Reinterpreting James Monroe’s Highland

Historic house museums draw people in. Is it their smell, their creaks, their memories, their familiarity? Despite concerns about the popularity of historic house museums, they continue to fascinate visitors. Some people are drawn in by the decorative arts, others by the feeling of communing with past generations in a historic place. For me, the historic house is an opportunity to show visitors a complex past. It was not a static, hyper-staged, and siloed experience. The lived reality was—and continues to be—much more complicated. 

One example: James Monroe’s Highland, a historic site located in Charlottesville, Virginia. As the former property of the fifth US President, James Monroe, Highland is located within a short distance from two other presidential sites: Thomas Jefferson’s Monticello and James Madison’s Montpelier. In many ways, Highland may appear familiar: a former plantation nestled in the hills of central Virginia, now interpreted as a history museum that welcomes visitors on presidential pilgrimages. However, once you move past its tree-lined driveway and through the museum shop, Highland differs significantly from its sister sites in that the Monroe family plantation house does not dominate the landscape. That house burned to the ground, most likely in late 1829. Yet for decades an extant Monroe-era structure was interpreted as James Monroe’s home. 

I told you: it is complicated. But what if we embraced the complicated in order to showcase how and why we revise public histories by asking new research questions. We are always learning new things about the past, and that’s good. As we learn more, we are also obligated to share these new discoveries to our public. That is currently what we are doing at Highland: telling new, more truthful stories about a place with a complicated historical and institutional history. 

Reinterpretation: Why was it needed?

Archeologists often conduct their work within the public’s eye to share their work and show how we learn about the past. Photo from James Monroe’s Highland, 2015.

In 2012, Highland welcomed a new Executive Director, Dr. Sara Bon-Harper, who made new discoveries about the site. Using a multidisciplinary approach, Dr. Bon-Harper identified the standing Guesthouse as a structure separate from the Monroe family home. It stood approximately 20 feet from the Monroe family house and thus remained standing after the catastrophic fire. This same work also discovered the previously unknown archaeological remains of the Monroe family home. 

  • Archaeological excavation revealed that the Monroe family home was entirely destroyed by fire. There was no remnant wing left standing, as had been previously interpreted to visitors. 
  • Archival documents, including correspondence from James Monroe, indicated that two enslaved craftsmen, Peter Mallory and George Williams, had constructed a “new house” on the property in 1818.  
  • Architectural history revealed the Guesthouse was constructed in the early 19th century, almost two decades after the Monroe family house was completed in 1799. Examination of the Guesthouse’s eastern eaves also showed that it was not attached to another structure when constructed. 
  • Dendrochronology (tree-ring dating) provided the final pieces of the research puzzle. It confirmed when the wood used to build the structure was cut—proving that it was the “new house” that Peter Mallory and George Williams built in 1818.  

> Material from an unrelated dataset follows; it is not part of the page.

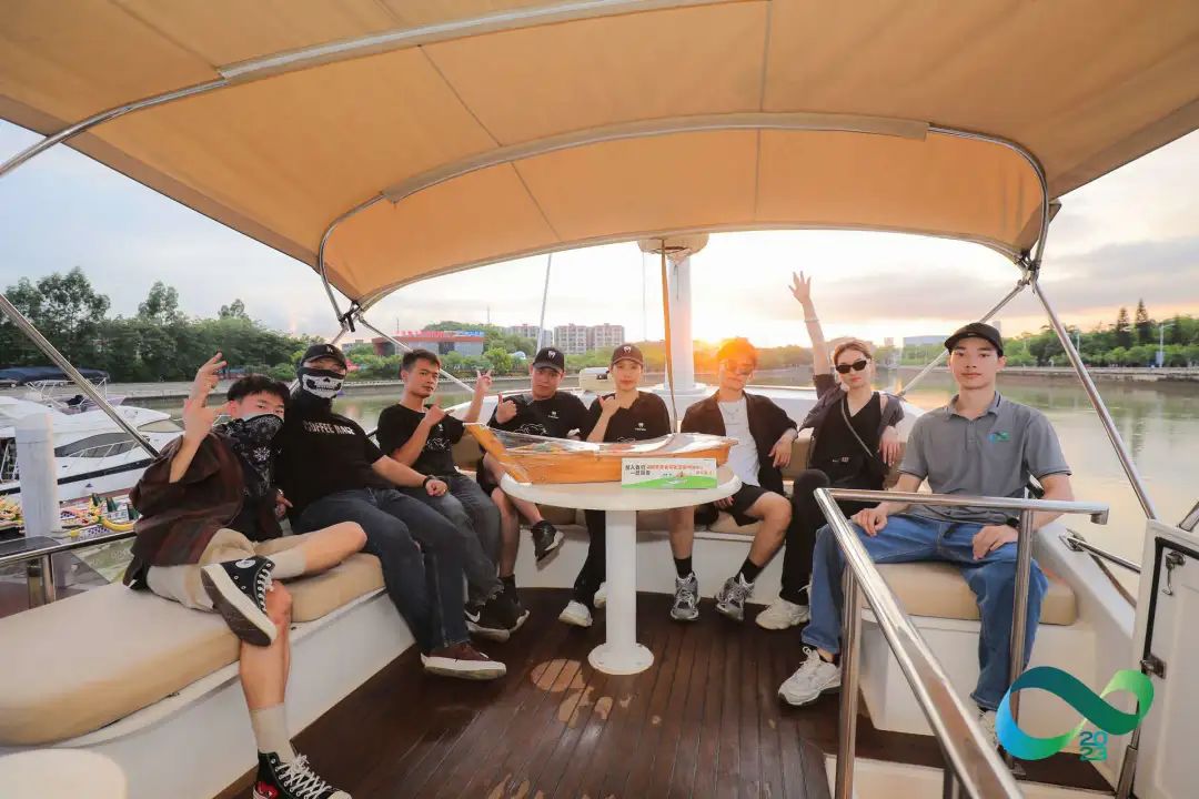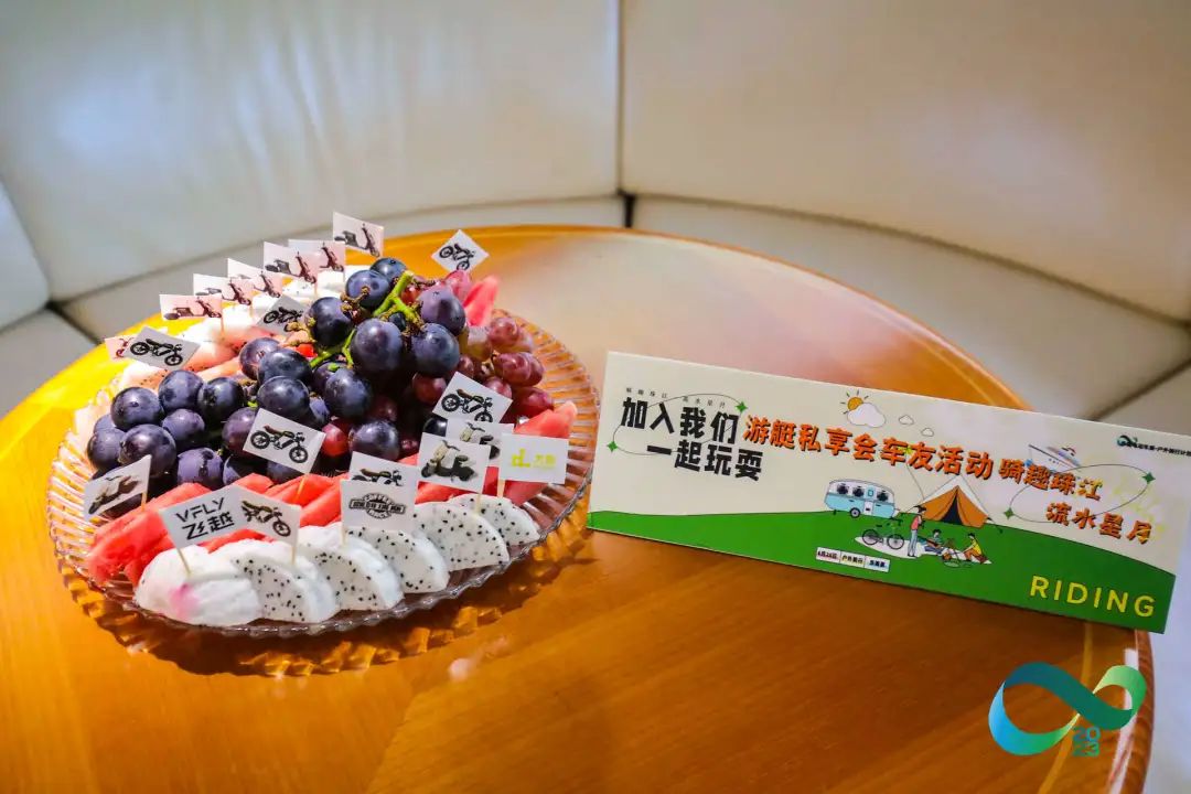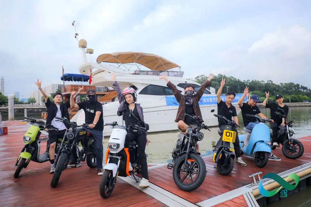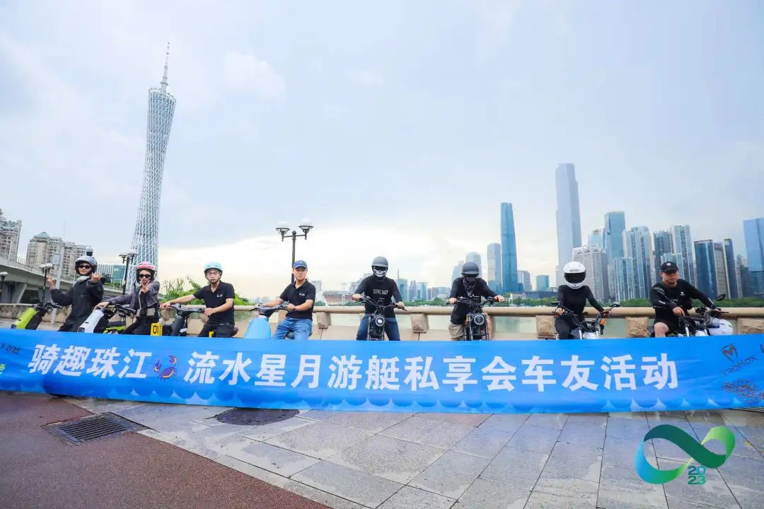 除了可以在展馆内体验机车露营外,开幕首日下午同期举行“骑趣珠江·流水星月游艇私享会车友活动”。有来自摩兽、大形、VFLY、咖啡瑞斯等电动车品牌的车友们打卡广州塔,经过珠江琶醍啤酒艺术区、广州会展公园、保利世贸博览馆最终到长洲岛五洲游艇码头乘船体验羊城夜景。

With these findings, Highland began a site-wide reinterpretation to educate visitors and correct inaccurate information about the site’s complexities. Highland, as a well-visited presidential site, had both an obligation and an opportunity to revise its physical narrative and highlight the site’s social histories—an important trend also happening at Highland’s regional and national sister sites. Historic sites and museums need to reorient their site perspectives after years of privileging white, male, elite versions of the past—the historical realities were much more complex. Much of this reorientation is being done in collaboration with descendant communities, grassroots organizations, and cultural institutions that are also focused on the historical roots of contemporary social, environmental, and racial injustice. (Look for more on Highland’s community engagement in my second blog installment for Clio and the Contemporary). 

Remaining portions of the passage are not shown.